Sabanieva was often on the programs of charity benefit concerts and special events. In 1933, she sang a duet with Mario Chamlee at a gala marking the 25th anniversary of Giulio Gatti-Casazza's directorship at the Metropolitan Opera. In 1935, she sang at a benefit concert for Jewish artisans in Poland, with cellist Mila Wellerson, at New York's Town Hall venue, and at another benefit performance with Lucrezia Bori and Tito Schipa, for the WIlloughby House Settlement in Brooklyn. In 1937 she sang at a benefit concert at Carnegie Hall alongside Elisabeth Rethberg, Josephine Antoine, and other singers, raising funds for Chrystie Street House, a shelter for homeless men.

Sabanieva had two film credits, for a supporting role in a Greek film, That's Life (1935), and in the title role in a film adaptation of Natalka Poltavka (1937), though she was an unlikely choice to play a young heroine by then.
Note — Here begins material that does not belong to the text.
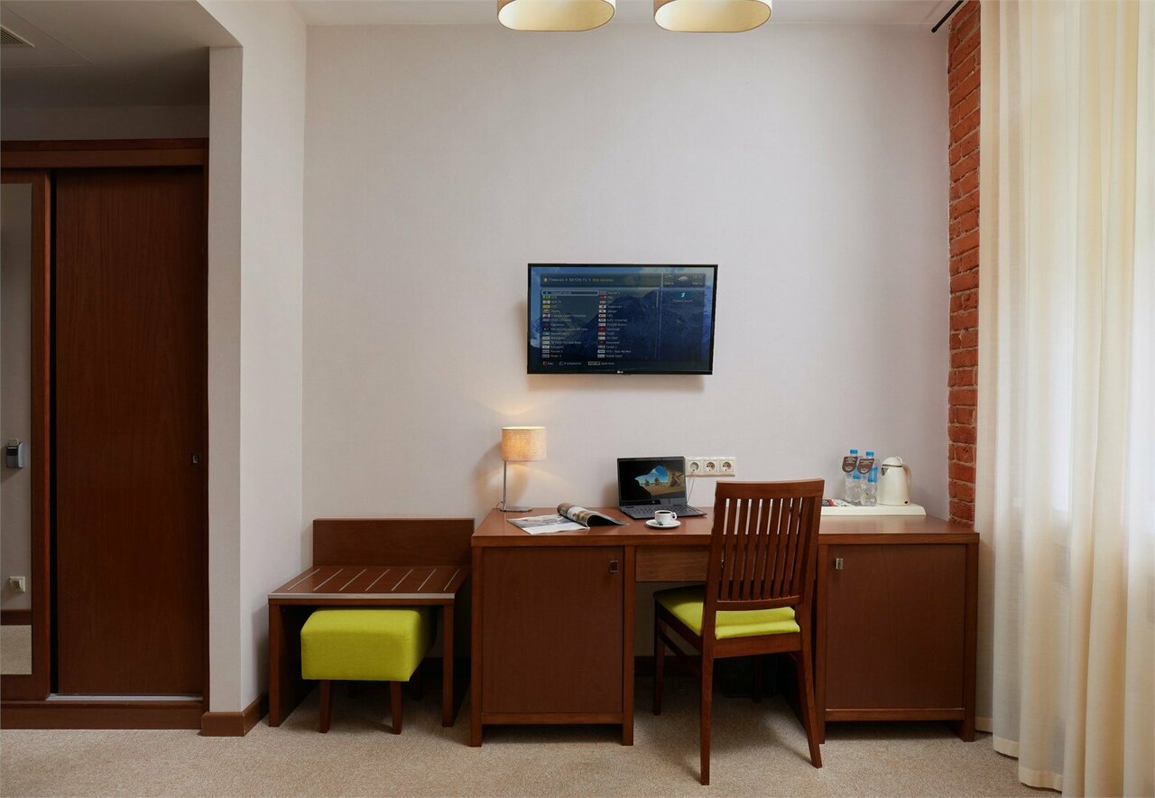 Просторный однокомнатный номер площадью 29 кв.м. оборудован современной мебелью и всем необходимым для комфортного отдыха и работы.

She was featured in a Life magazine photograph, when her dog appeared on the magazine's cover in 1944. Sabanieva taught voice students later in life.

== Personal life ==
Sabanieva was briefly married Russian conductor Jacques Alexandria Samossoud from 1927 to 1929; he later married Clara Clemens in 1944. Thalia Sabanieva died in 1963, in New York.